Big Law bonus announcements are speaking to associates in a common voice—times are tougher than last year, so be happy with the same award you got in 2021.
The bonus scales that tops out at $115,000 for the most senior firm associates has firms returning to familiar territory, as they kept annual bonuses level from 2014 and 2020, according to data compiled by Bloomberg Law. Top awards jumped 15% in 2021 as firms battled for talent after a rise in client demand.
“Firms are not altruistic by nature,” said Tim Regan, a Houston-based managing partner at legal search consultant Engle, Lindsley & Regan. “They increase bonuses because someone else did—because they have to.”
The return to pre-pandemic consistency comes a year after firms showered their junior talent with unprecedented signing and seasonal bonuses, on top of year-end extra cash. Then, it was the unexpected boom in financial markets that spurred venture capital and merger and acquisition work, forcing Big Law to ante up for talent so they could handle all the work.
Now as firms prepare to make 2022 bonus payouts that are level with last year, they are casting an uncertain eye on the economy for the coming months. They question whether conditions that have stalled capital markets and M&A this year will bleed into subsequent quarters of 2023.
Legal recruiters said they expected the firms’ bonus announcements, given last year’s bump and economic conditions at the end of this year, and because the law market is returning to pre-pandemic norms.

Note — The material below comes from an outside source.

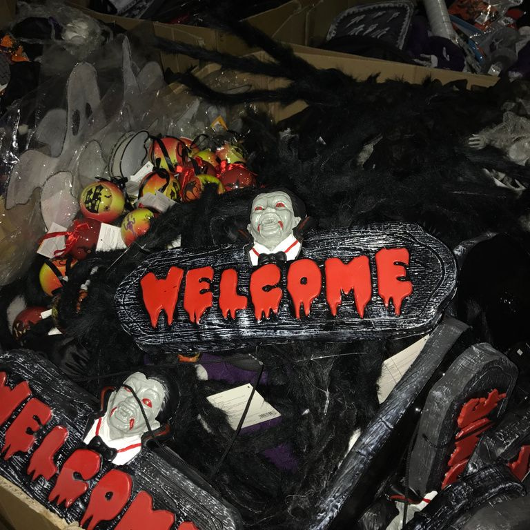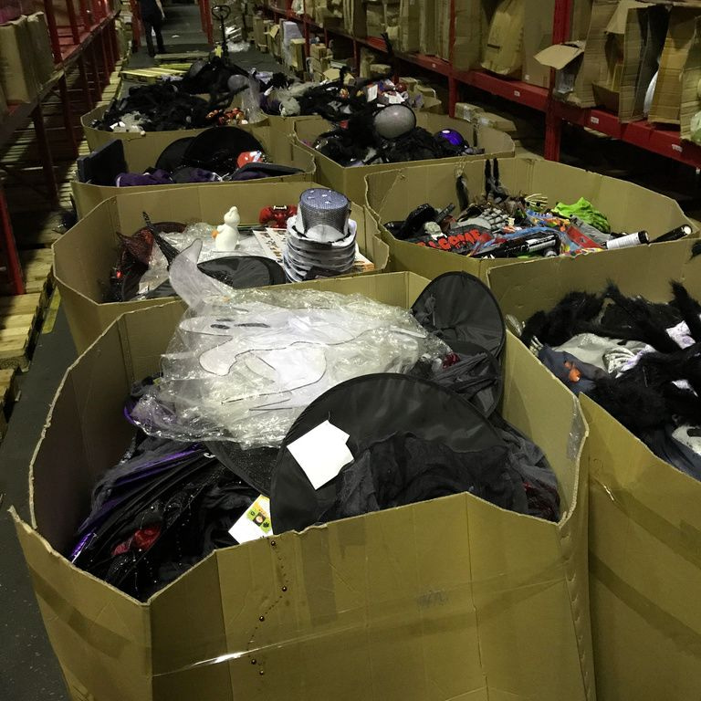 9x Palletboxen with mix Halloween items. Pallet size: 120 x 80 x 100 Cm.

“Despite certain uncertainty right now, a lot of firms had a good year,” said Stephanie Biderman, a New York-based partner at legal recruiter Major, Lindsey & Africa. “That’s why we expected the numbers to stay the same and not necessarily decrease or increase.”
Baker McKenzie was the first large firm to roll out associate bonuses, followed by Boies Schiller Flexner; Cravath, Swaine & Moore ; McDermott Will & Emery; and Skadden, Arps, Slate, Meagher & Flom. The firms matched last year’s scale set by Cravath, Swaine & Moore, with bonuses starting at $15,000 for the most junior associates.
Though they didn’t have a banner year compared to 2021, some firms tapped into revenue streams from related antitrust and litigation work as courts slog through pandemic backlogs.
Multiple rounds of layoffs this year at firms such as Cooley and Kirkland & Ellis cast a cloud of uncertainty on this year’s bonus season. Other firms have delayed first-year associate classes or fired lawyers for reasons they insist are performance related, not economic.
Associates at firms left unscathed by layoffs, and who are receiving bonuses, “are probably very thankful,” Biderman said. “It just depends on what position you’re in.”
It remains to be seen whether most firms will be upfront about economic challenges with public layoffs, or whether they instead will increase billable hour requirements for bonuses, curbing how many associates get the payouts, recruiters said.
Still, there is some optimism in the market for 2023, Regan said.
“A lot of a lot of lawyers that I talk to on a daily basis say quarter four was really slow, but we see some real good activity coming in quarter one,” he said. “And if that happens, firms are great economic engines, and will probably prosper in 2023.”